The PAMELA results, however, were not watertight, mainly because of the possibility that the mission was confusing positrons with the far larger numbers of protons reaching its detectors. But the latest results from Fermi appear to remove these doubts. Although it is a gamma-ray telescope, Fermi in fact works by detecting electron–positron pairs and so is also well suited to studying cosmic rays. Unlike PAMELA it does not include a magnet to distinguish between electrons and positrons, but the Fermi scientists realized they could use the Earth’s magnetic field instead. This bends electrons and positrons in such a way that certain patches of the sky will contain just one kind of particle but not the other. So by totting up the signals coming from these regions, the researchers were able to separately measure the electron and positron fluxes, and hence work out the fraction caused solely by the latter.

The team observed a significant increase in the positron fraction at higher energies. This coincides with the PAMELA results, to within the errors on the Fermi measurements. The results of this analysis were presented at a conference in Rome last week by Fermi collaboration member Warit Mitthumsiri. Mitthumsiri’s colleague Stefan Funk of the SLAC National Accelerator Laboratory in California believes that the results constitute “a very nice confirmation” of the observations from three years ago, and maintains that the background noise has been properly accounted for. “There will be a small fraction of protons that will look like electrons,” he says, “but we are quite positive that we have subtracted that fraction correctly.”

PAMELA’s principal investigator, Piergiorgio Picozza of the University of Rome Tor Vergata, agrees. He says that, barring some unknown source of protons, the Fermi results “strongly support the positron excess at higher energy”, adding that the agreement is all the more compelling because the two data sets were derived using “different analysis, different detectors, and completely different experimental conditions”.

We can confirm the PAMELA result but it is still puzzling where these additional positrons come from Stefan Funk, SLAC

However, even if the results themselves are now on a firmer footing, their interpretation is still open to debate. In principle, the positron excess could point to a misunderstanding in how protons interact with the interstellar medium, but Funk believes that it is unlikely. What is more likely, he says, is the existence of some other, primary, source of positrons, but that could be either annihilating dark-matter particles or some more mundane astrophysical process, such as acceleration by pulsars. “We can confirm the PAMELA result,” he explains, “”but it is still puzzling where these additional positrons come from.”

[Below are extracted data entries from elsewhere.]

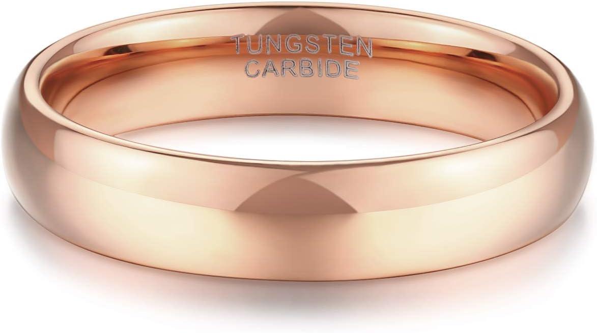 TRUMIUM 2mm 4mm 6mm 8mm Tungsten Wedding Band Ring for Men Women Silver/Rose Gold Plated/Rainbow/Gold Plated Domed High Polish Engagement Promise Rings Comfort Fit 4-15(4mm rose gold plated)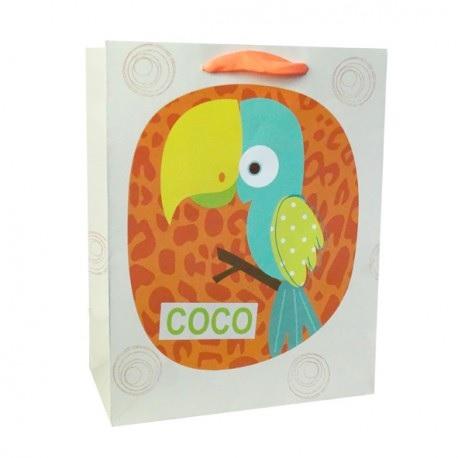 Papierowa torebka prezentowa z nadrukiem tukana. Idealna na prezent dla dziecka.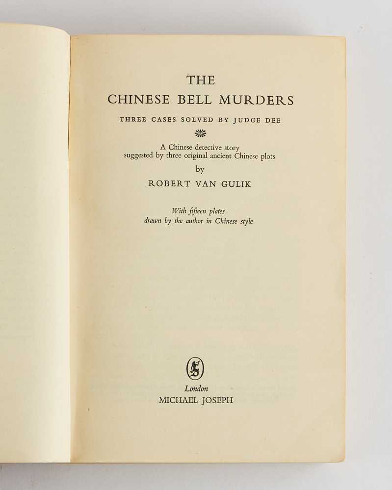 GULIK, Robert van (author and illustrator). The Chinese Bell Murders: Three Cases Solved by Judge Dee. London: Michael Joseph. 1958.

AMS or Planck could provide answers

John Wefel, an experimental astrophysicist at Louisiana State University in the US, believes that the Alpha Magnetic Spectrometer (AMS) could help to establish what is causing the excess. The AMS has just become operational on the International Space Station and Wefel points out that it has a more powerful magnet than PAMELA and will therefore be able to probe positron fluxes at higher energies. “What AMS ‘sees’ may be very important in deciding between different models,” he says.

Neal Weiner of New York University believes instead that NASA’s Planck mission might provide the answer; he argues that if the positron excess really is due to dark-matter annihilation, then that annihilation should alter the cosmic microwave background. “Some people will jump and say this is clearly dark matter, and some will dismiss this as messy astrophysics,” he says. “But I think both reactions miss the point. This is science after all, so no-one’s gut feeling is really the question – we simply need more data, and we shall have more data.”